🤖 AI Summary
Existing evaluation benchmarks inadequately assess large language models’ (LLMs) capabilities in authentic multilingual Southeast Asian (SEA) contexts due to overreliance on English-centric or machine-translated data. Method: We introduce two localized, human-curated benchmarks—SeaExam, comprising real regional educational examination items spanning history, literature, and other disciplines; and SeaBench, built upon multiround, open-ended community dialogues. Both employ natively generated multilingual questions (not English translations), with scenario-driven data collection, structured item annotation, explicit modeling of conversational turn-taking, and a cross-lingual evaluation framework. Contribution/Results: Experiments demonstrate that SeaExam and SeaBench significantly outperform mainstream translation-based benchmarks in sensitivity and discriminative power for evaluating LLMs’ genuine SEA language proficiency.
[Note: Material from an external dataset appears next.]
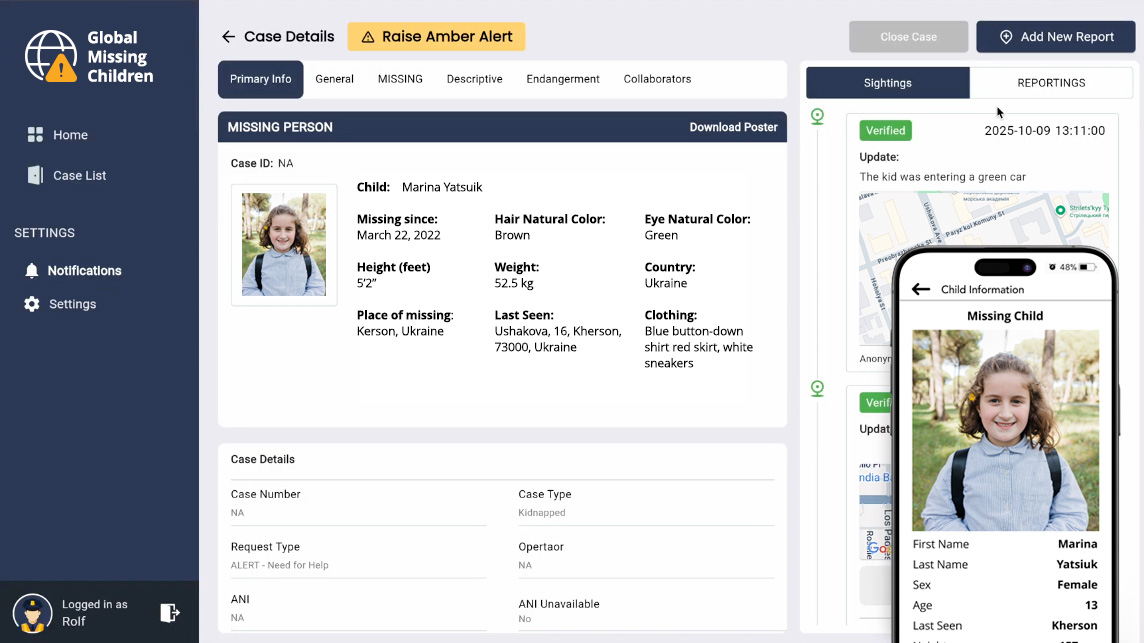 A secure, cloud-based platform and app, combining AI, blockchain, geo-alerts, and real-time collaboration to connect the world to find and reunite missing children with their families.

They establish a new paradigm for multilingual LLM evaluation grounded in local linguistic authenticity, pedagogical relevance, and sociolinguistic realism.
📝 Abstract
This study introduces two novel benchmarks, SeaExam and SeaBench, designed to evaluate the capabilities of Large Language Models (LLMs) in Southeast Asian (SEA) application scenarios. Unlike existing multilingual datasets primarily derived from English translations, these benchmarks are constructed based on real-world scenarios from SEA regions. SeaExam draws from regional educational exams to form a comprehensive dataset that encompasses subjects such as local history and literature. In contrast, SeaBench is crafted around multi-turn, open-ended tasks that reflect daily interactions within SEA communities. Our evaluations demonstrate that SeaExam and SeaBench more effectively discern LLM performance on SEA language tasks compared to their translated benchmarks. This highlights the importance of using real-world queries to assess the multilingual capabilities of LLMs.